* **What the task asks**
The material below has pictures in it. Set down only the lines from the line containing "Porte Coulissante Bois" through the line containing "ブラウザ三国志天(ブラ天)の", word for word, and leave the pictures behind.

* **Source material**
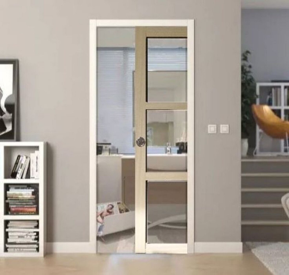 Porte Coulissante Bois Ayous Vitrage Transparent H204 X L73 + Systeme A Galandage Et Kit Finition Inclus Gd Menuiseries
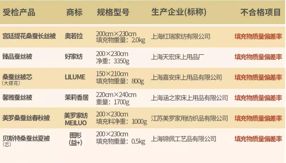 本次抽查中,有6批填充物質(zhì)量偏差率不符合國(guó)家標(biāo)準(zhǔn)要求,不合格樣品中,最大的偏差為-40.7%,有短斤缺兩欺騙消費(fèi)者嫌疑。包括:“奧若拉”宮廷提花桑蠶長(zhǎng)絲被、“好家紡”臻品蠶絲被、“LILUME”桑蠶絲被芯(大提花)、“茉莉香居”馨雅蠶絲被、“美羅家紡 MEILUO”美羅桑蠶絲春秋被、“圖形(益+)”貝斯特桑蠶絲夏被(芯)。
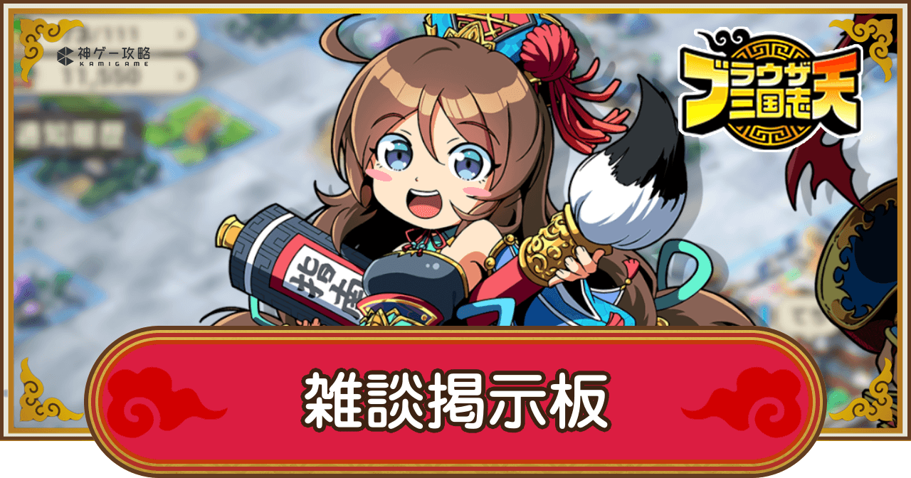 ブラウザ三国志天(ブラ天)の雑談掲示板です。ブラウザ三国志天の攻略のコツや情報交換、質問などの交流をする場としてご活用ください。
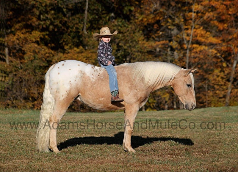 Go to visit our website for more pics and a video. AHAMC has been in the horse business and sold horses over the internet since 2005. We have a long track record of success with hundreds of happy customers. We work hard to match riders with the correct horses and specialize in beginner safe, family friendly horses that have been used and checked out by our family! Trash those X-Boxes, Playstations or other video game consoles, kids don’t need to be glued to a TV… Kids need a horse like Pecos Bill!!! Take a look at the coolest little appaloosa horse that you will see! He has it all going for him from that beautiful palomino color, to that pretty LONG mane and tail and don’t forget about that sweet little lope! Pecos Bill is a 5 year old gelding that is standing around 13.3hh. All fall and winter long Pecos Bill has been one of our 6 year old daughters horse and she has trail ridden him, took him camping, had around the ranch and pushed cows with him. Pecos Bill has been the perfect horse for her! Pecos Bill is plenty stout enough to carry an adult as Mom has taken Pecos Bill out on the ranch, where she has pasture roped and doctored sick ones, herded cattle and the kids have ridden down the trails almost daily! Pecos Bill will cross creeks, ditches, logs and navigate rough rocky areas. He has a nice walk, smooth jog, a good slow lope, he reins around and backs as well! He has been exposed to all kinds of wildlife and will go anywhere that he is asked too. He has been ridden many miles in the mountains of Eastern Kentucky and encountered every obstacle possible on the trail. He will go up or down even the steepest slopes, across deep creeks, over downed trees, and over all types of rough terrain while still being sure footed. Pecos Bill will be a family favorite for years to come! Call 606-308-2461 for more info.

---

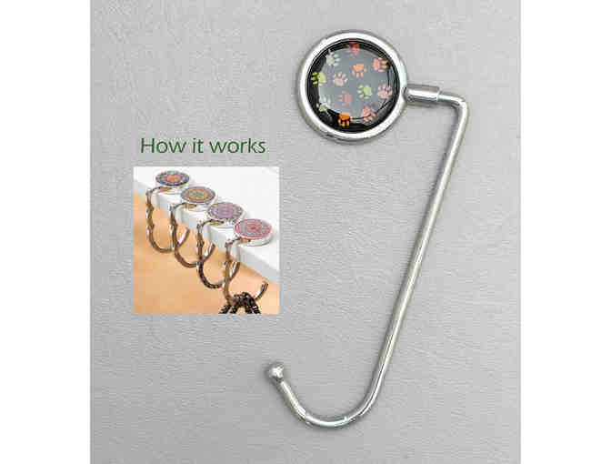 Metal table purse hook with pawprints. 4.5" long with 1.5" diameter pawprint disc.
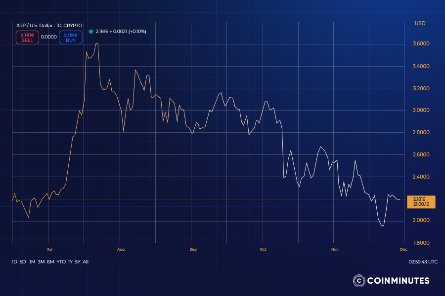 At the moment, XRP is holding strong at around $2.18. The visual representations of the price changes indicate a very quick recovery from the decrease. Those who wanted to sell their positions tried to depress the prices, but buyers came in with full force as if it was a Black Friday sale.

* **Exercise result**
 Porte Coulissante Bois Ayous Vitrage Transparent H204 X L73 + Systeme A Galandage Et Kit Finition Inclus Gd Menuiseries
 本次抽查中,有6批填充物質(zhì)量偏差率不符合國(guó)家標(biāo)準(zhǔn)要求,不合格樣品中,最大的偏差為-40.7%,有短斤缺兩欺騙消費(fèi)者嫌疑。包括:“奧若拉”宮廷提花桑蠶長(zhǎng)絲被、“好家紡”臻品蠶絲被、“LILUME”桑蠶絲被芯(大提花)、“茉莉香居”馨雅蠶絲被、“美羅家紡 MEILUO”美羅桑蠶絲春秋被、“圖形(益+)”貝斯特桑蠶絲夏被(芯)。
 ブラウザ三国志天(ブラ天)の雑談掲示板です。ブラウザ三国志天の攻略のコツや情報交換、質問などの交流をする場としてご活用ください。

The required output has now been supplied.